<<< Date Index >>>     <<< Thread Index >>>

Re: Mark messages in mailbox as read without massive performance hit?!



On Thu, Dec 29, 2005 at 12:40:54AM -0500 I heard the voice of
Derek Martin, and lo! it spake thus:
> 
> Generally, each rename operation will result in the kernel doing
> this separately.

Oh, it doesn't have to.  The kernel could leave the directory open for
a few seconds internally to save on re-opening in cases where a lot of
renames are happening.  I don't know if any extant systems do that, of
course, but it's not a hopeless case.

There are a few things to bear in mind here, though.

- The overhead in rename() isn't near comparable to the difference
  between read()'ing a mbox and open()/read()/close()'ing in a
  maildir, even if only because you're crossing the userland<->kernel
  boundary only once and not having to serialize the steps across
  multiple boundary crossings.

- mutt write()'s out messages one at a time as far as I can tell, and
  from the behavior when I tag a bunch of messages and copy them into
  a mbox, it almost looks like it fsync()'s after each message (I've
  not verified this in the code).  With behavior like that, mbox will
  NEVER cross over to faster than maildir; it's too much serialization
  and waiting.


Now, I don't dispute that theoretically there's a point where the
lines cross and mbox wins.  But I think that point is a lot farther
out than you're suggesting it is, and that some of the realities of
how mutt does things push it even farther.  And empirically, I've
always found mbox to be orders of magnitude slower on status changes
(particularly in the degenerate case where you're changing one or a
few messages in the middle of the mailbox), on any size active mailbox
I ever use (up to maybe 10 thousand messages, though usually below 5).

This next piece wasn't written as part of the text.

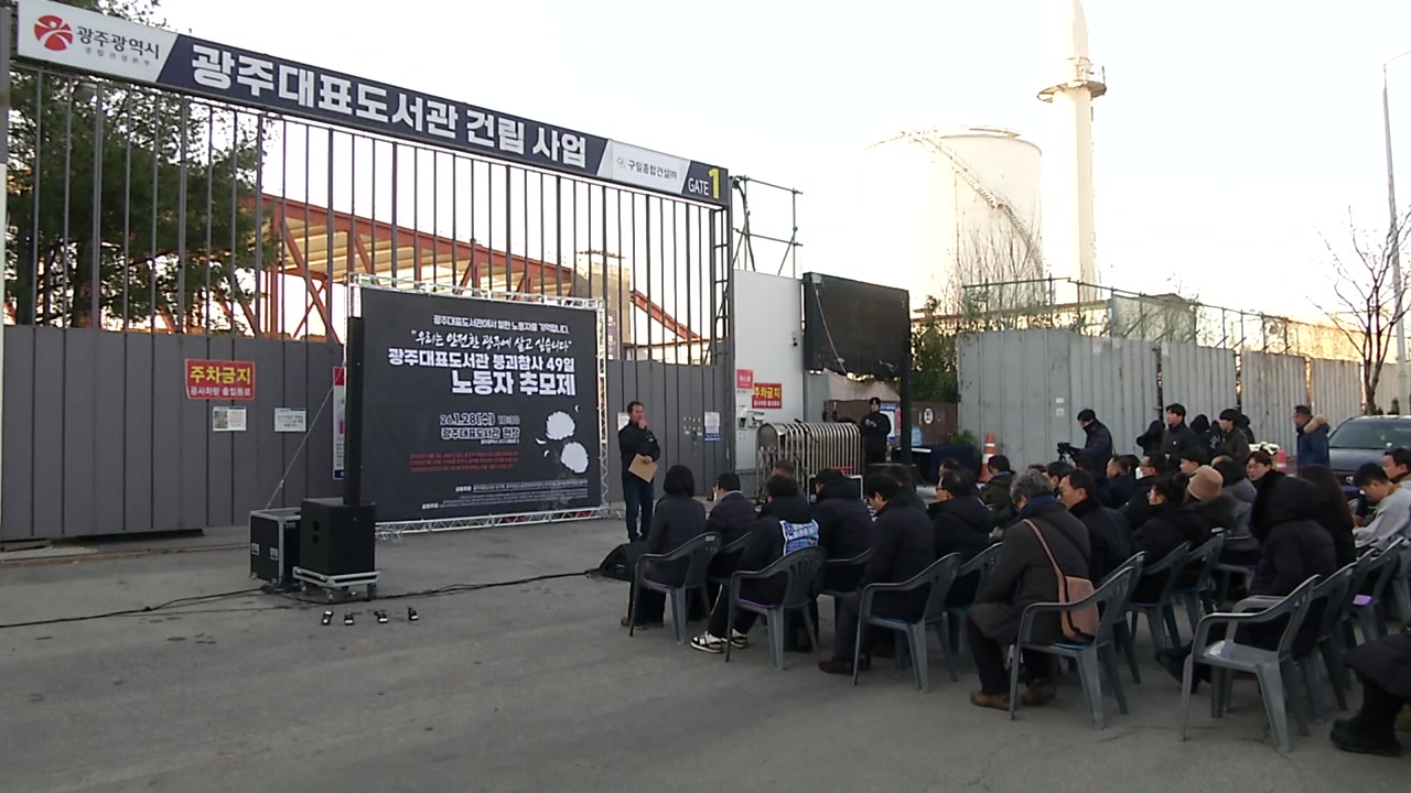 도서관 붕괴 사고 유가족과 시민단체들은 오늘(28일) 오전 광주 서구 치평동 사고 현장에서 참사 49일 노동자 추모제를 열었습니다.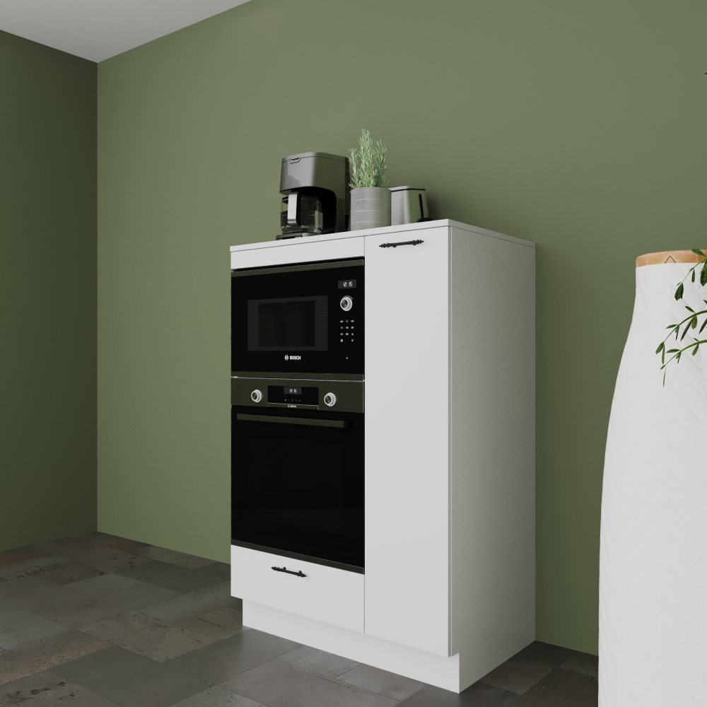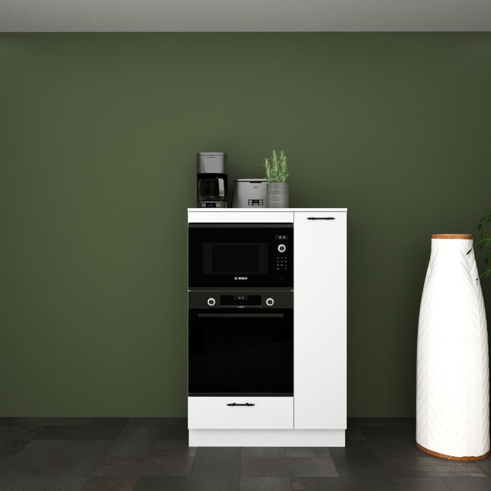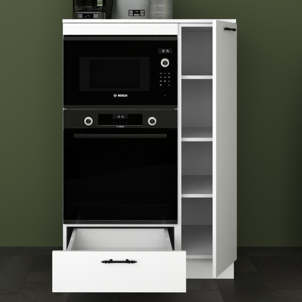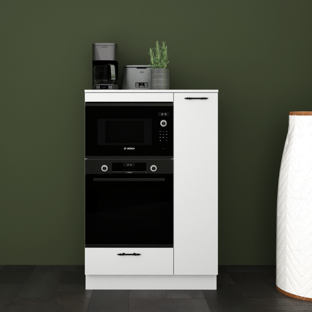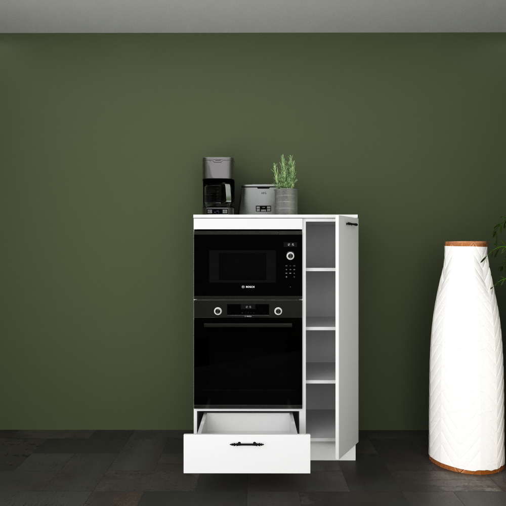 - MAYA COMPACT 90 cm Parlak Beyaz MDFLam Fırın ve Mikrodalga Yarım Boy Dolabı, fırın ve mikrodalganızı yerleştirmek alan sağlarken, alt kısmındaki çekmece ve yanında bulunan 4 bölümlü kiler dolabı ile de depolama alanı sunar.

Having written mbox parsing code, I deeply hate the [blend of totally
different] format[s], but it has a lot of advantages in compactness
etc.  I never let it near an active mailbox, but I use it for archives
all the time, because it's more compact, leaves my preciouss inodes
alone, and is much, MUCH faster to read.  But they fall over pretty
hard in most use-cases that aren't read-almost-entirely, IME, both in
performance, and in making me sweat about the myriad ways it can
corrupt my data and lose the history of all my favorite flamewars.


> Obviously, the user who posted this message is running into this
> problem, or else we would not be having this discussion...

Now, in THIS case, I certainly don't buy it.  The OP is suggesting
he's seeing problems on mailboxes on the order of *50* messages.  That
shouldn't break down on FAT12, much less any filesystem on a *nix
system installed in the last 15 years.  I doubt I could measure by
hand the time 50 rename()'s take on a 386SX.  Something else is
tripping him up.


-- 
Matthew Fuller     (MF4839)   |  fullermd@xxxxxxxxxxxxxxx
Systems/Network Administrator |  http://www.over-yonder.net/~fullermd/
           On the Internet, nobody can hear you scream.